Thesis: Dust to Dust (War of the Worlds 1×13)

Could you tell me… how what happened last night happened?

A V.I.L.E. henchman! You must be on the right track!

It is January 23, 1989 (Depending on your viewing area, it may actually be the following Saturday. Big variance in airdates across markets this week). The President of the United States is George Herbert Walker Bush. An earthquake in what’s now Tajikistan kills close to 300 people. The San Francisco ’49ers claim victory in Superbowl XXIII, beating the Bengals. Tomorrow, serial killer Ted Bundy will be executed in Florida. Wednesday, John Cleese will win a libel case against the Daily Mail after they accused him of being nebulously similar to the character he played in Fawlty Towers. A legal challenge to Jewish identity laws is raised in Israel, which will culminate in the Israeli Supreme Court ruling that Messianic Judaism counts as a form of Christianity, rather than Judaism, for legal purposes. Noted jazz man Billy Tipton and artist Salvador Dali died this week. Also, Friday is my tenth birthday.

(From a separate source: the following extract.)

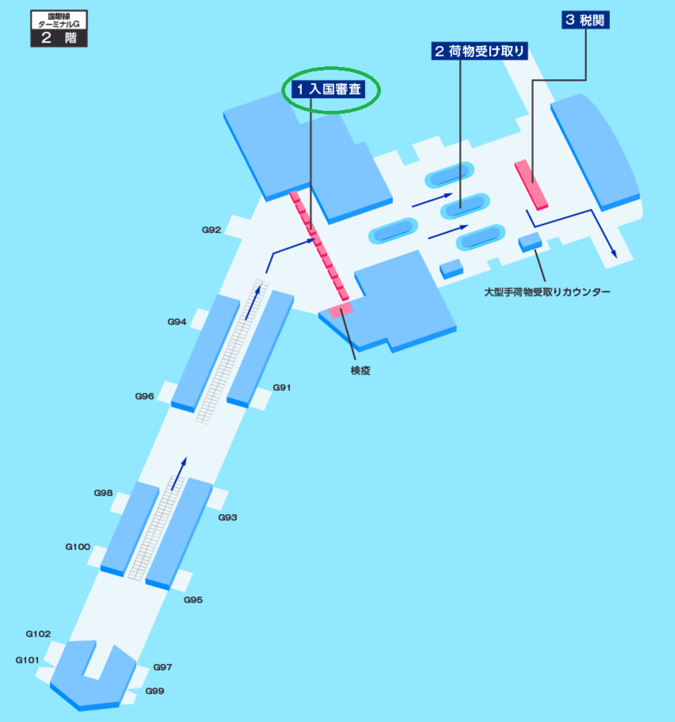 11時10分に降りて11時15分くらいには上の図の緑丸の入国審査の列に並びます。ファーストクラスのスーツの男性は地上係員がさっと誰も並んでいないブースに誘導します。政府関係者など超VIPだったのでしょうか。
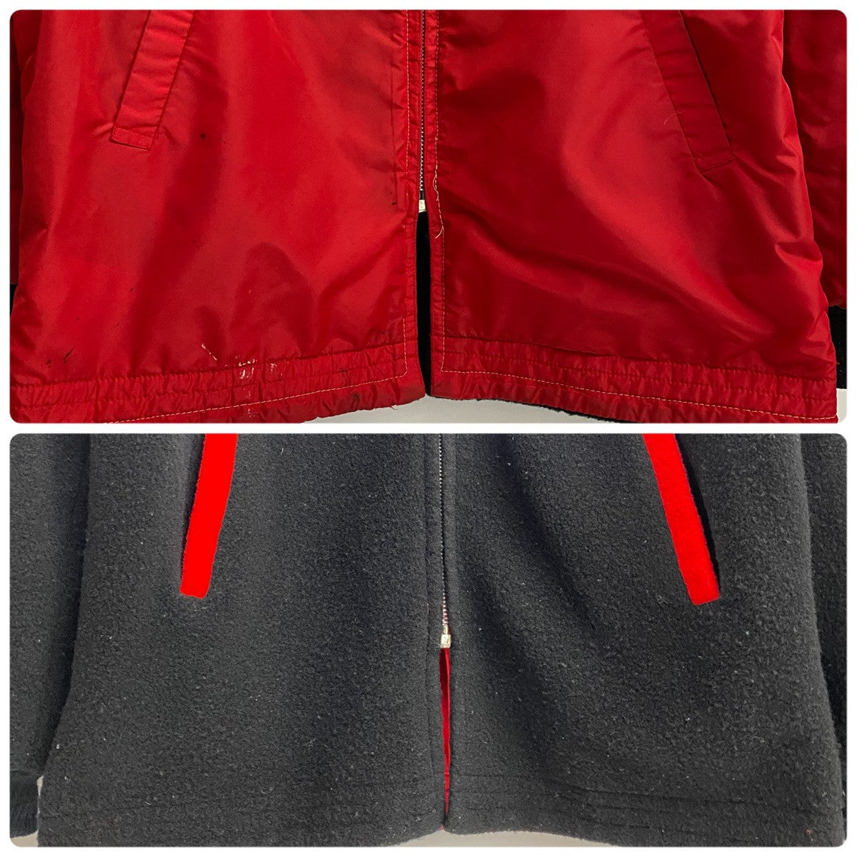 | 状態詳細 | 赤面右ポケット内部破れ有。赤面ポケット周辺、胸周辺、左袖口に汚れ有。黒面全体的に毛玉有。フードジップ破損。 その他全体的に使用感、細かい傷や汚れが見られます。詳細は画像をご確認ください。 |

James Brown is sentenced to six years in jail after a multi-state police chase. Madonna and Sean Penn file for divorce. Michael Jackson’s Bad tour finishes out its run. Debi Gibson releases Electric Youth, and Skid Row releases a self-titled album. Phil Collins’s “Two Hearts” hits the top of the Billboard Hot 100.

Remember when I brought up Morgan Sheppard last week? Funny thing: he’s in this week’s Star Trek the Next Generation, “The Schizoid Man”, in which he plays a dying scientist who uploads his brain into Data. If your nerdery runs deep enough, you might have anticipated that the part was originally written for Patrick McGoohan. Friday the 13th the Series is a tearjerker: “The Playhouse”, in which a cursed Wendy House takes a couple of abused children to a fantasy world, only, as per usual, there’s human sacrifice involved. Even Friday the 13th shied away from multiple child-murder, though, so the playhouse’s victims are just imprisoned. Belinda Metz guest-stars. I feel like I’ve mentioned her before, but I can’t think why…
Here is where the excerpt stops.